__About this exercise__. Everything from the line with "Rebuild the Bay" through the final line of the listing below must be retyped exactly, apart from the pictures.

__Data below__.
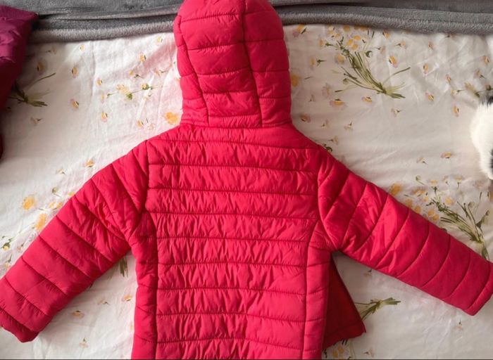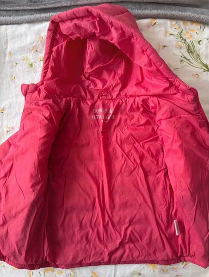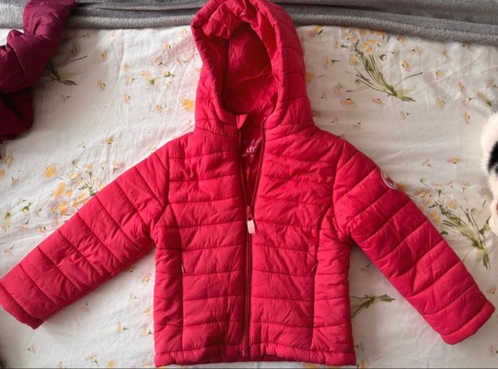 Vends doudoune pour fille, taille 4 ans. C'est un modèle ultra léger, idéal pour la mi-saison ou les journées fraîches de printemps. • Couleur : Rose vif / Framboise. • Détails : * Capuche intégrée. • Fermeture éclair (zip) sur toute la longueur avec protection au menton. • Petit écusson décoratif en forme de papillon sur la manche. • Deux poches latérales invisibles. • État : Très bon état général. Propre, sans accroc ni tache. Envoi rapide et soigné ‼️Photo et vidéo de l’emballage avant envoi‼️ N’hésitez pas à regarder le dressing 🤩
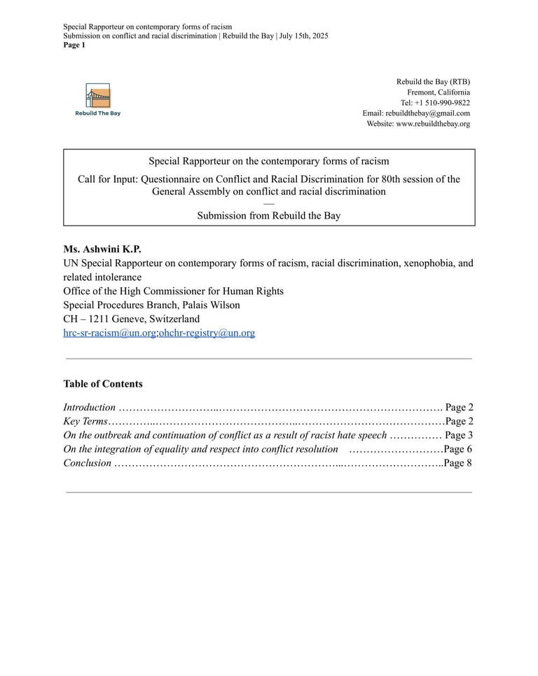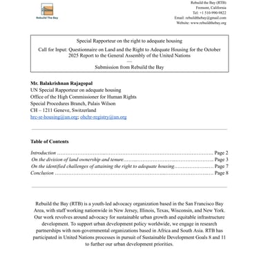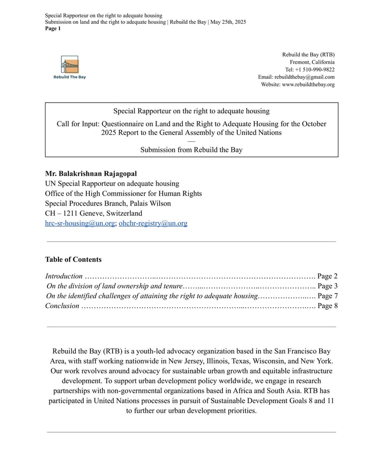 Rebuild the Bay authors submissions for United Nations bodies pertaining to Bay Area urban development concerns.
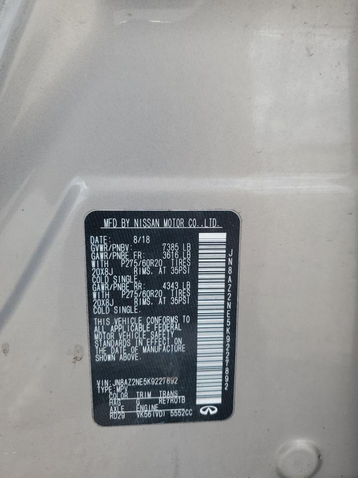 INFINITI QX80 5.6 2019 г.в., 4x4 с задним приводом (JN8AZ2NE5K9227892) из США
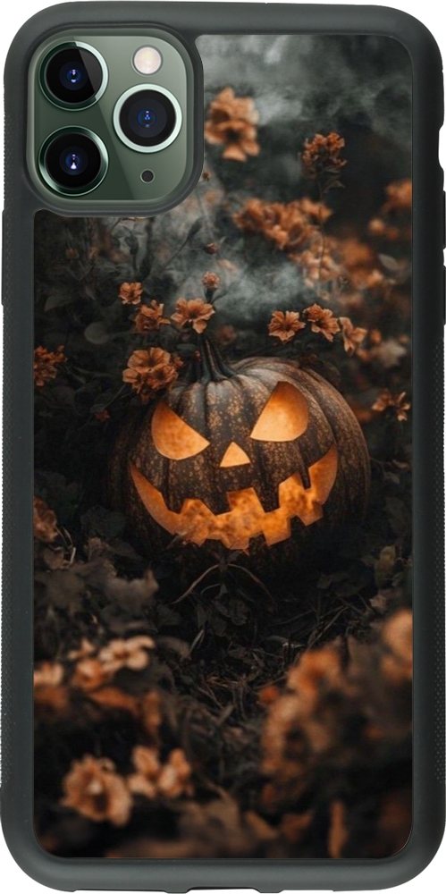 Coque iPhone 11 Pro Max - Silicone rigide noir Halloween 2025 Pumpkin with flowers

__Completed task__.
 Rebuild the Bay authors submissions for United Nations bodies pertaining to Bay Area urban development concerns.
 INFINITI QX80 5.6 2019 г.в., 4x4 с задним приводом (JN8AZ2NE5K9227892) из США
 Coque iPhone 11 Pro Max - Silicone rigide noir Halloween 2025 Pumpkin with flowers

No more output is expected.